Safety And Security

Our safety summary highlights how we designed and conducted our project responsibly, using non-pathogenic strains, safe reagents, and strict lab practices. We aimed to ensure our work is safe, ethical, and accessible for anyone interested in our research and project.

Safety and Security Award

Risk Assessment and Analysis

Biological Risks

  • We used E. coli TOP10 and NEB Stable competent cells, both of which are non-pathogenic lab strains generally recognized as safe for molecular cloning. These strains can't survive well outside controlled lab environments and are classified as Biosafety Level 1 (BSL-1) organisms.
  • Our project involves cloning promoters (PoxyS, PnorV, Plux) and reporter genes (e.g., GFP). None of these genes are toxic, pathogenic, or known to cause harm to humans, animals, or plants.
  • No pathogenic organisms, toxins, or antibiotic resistance elements (other than standard plasmid markers AmpR and KanR) were introduced.

Chemical Risks

  • Standard restriction digests, ligations, and transformations were performed using reagents such as buffers, enzymes, and antibiotics at low concentrations.
  • Ethidium bromide and other mutagens were not used; we relied on safe dyes and standard sequencing services for DNA analysis.
  • We purchased safe concentrations of Hydrogen Peroxide and a Nitric Oxide donor (DETA-NONOate) to ensure safety when testing.

Physical Risks

  • Experiments were carried out using basic molecular biology equipment (micropipettes, centrifuges, incubators, spectrophotometers).
  • Risks included pipette strain, minor chemical spills, contamination, or equipment misuse. These were minimized through training and practice, proper PPE such as lab coats, gloves, goggles, and lab supervision.

Security Risks

  • The parts we used are standard iGEM-compatible parts from the registry.
  • Our design has no application in bioterrorism or harmful misuse, only to help cure an inflammatory condition.
  • All DNA orders were screened by Twist under the International Gene Synthesis Consortium (IGSC) biosecurity framework, ensuring no restricted sequences could be ordered.

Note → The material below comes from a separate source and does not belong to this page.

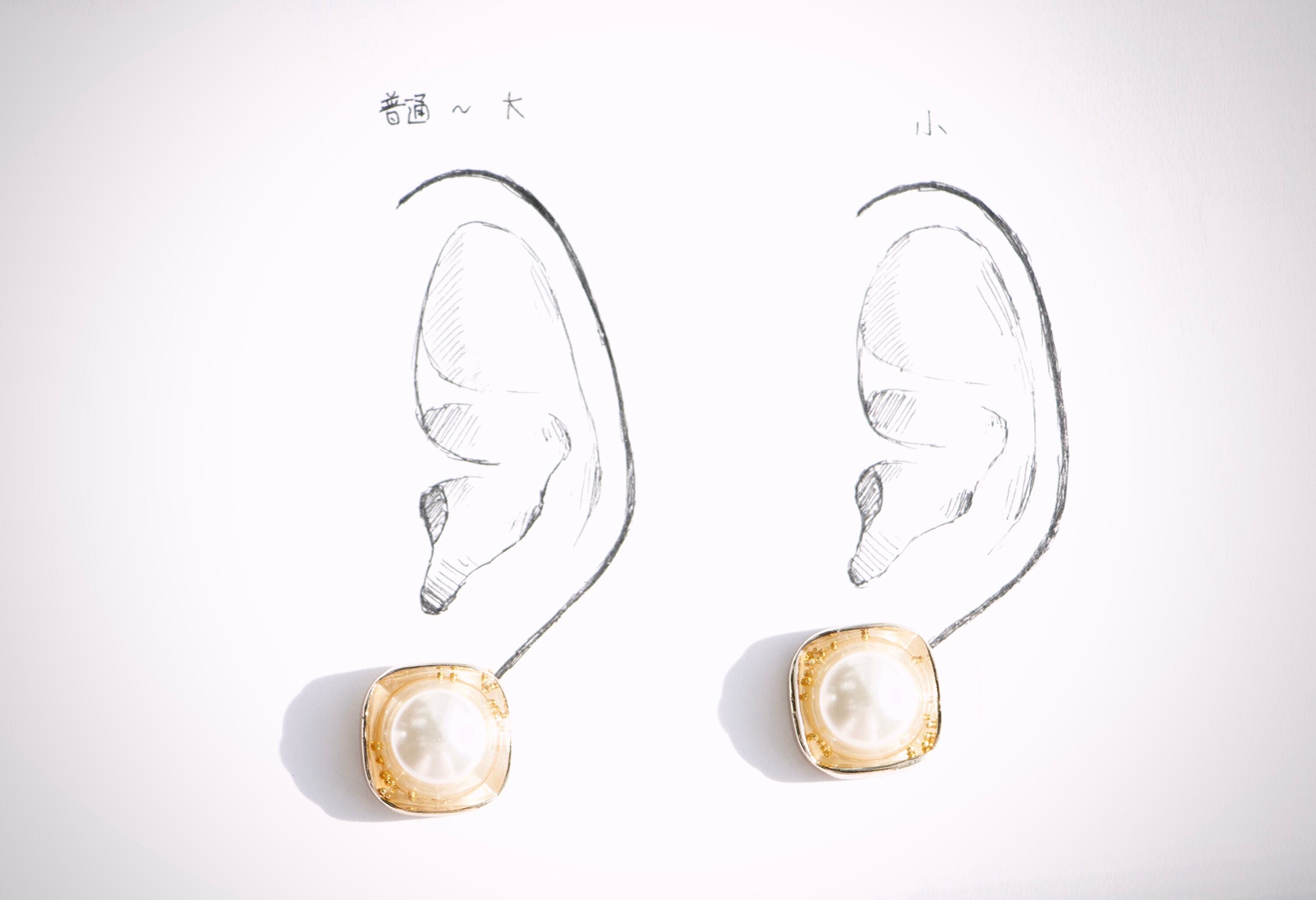 耳につけるパーツをつけていないため、台紙にはマスキングテープで留めている状態です。耳シートの左は平均的な女性の普通〜大きめの耳、右は小さめの耳のモデルとなっております。ご参照ください。

Safety Features in Our Design

  • Non-pathogenic chassis - We only used lab-safe E. coli (TOP10, NEB Stable). These strains are auxotrophic and poorly adapted to natural environments, which reduces the risk of accidental spread.
  • Benign genetic parts - Our promoters are native regulatory sequences, and GFP is a harmless fluorescent protein commonly used in education and by other iGEM teams for testing validation.
  • Containment - Work was performed in a BSL-1 facility with autoclaving and proper disposal of cultures.
  • Substitution of safer materials - Whenever possible, we used non-toxic reagents (safe nucleic acid stains instead of ethidium bromide, nitric oxide donors rather than the actual molecule itself).
  • Kill-switch potential - Although not implemented this year, our design can be adapted with kill-switch systems or auxotrophy to ensure engineered strains cannot survive outside the lab for long.

Design Rationale

We made these design and lab choices to:

  • Ensure no harm to humans, animals, or the environment.
  • Comply with iGEM's safety requirements and our local lab biosafety regulations.
  • Build a biosensor system safely that can serve as proof-of-concept without any clinical or environmental risks to potential users or ourselves.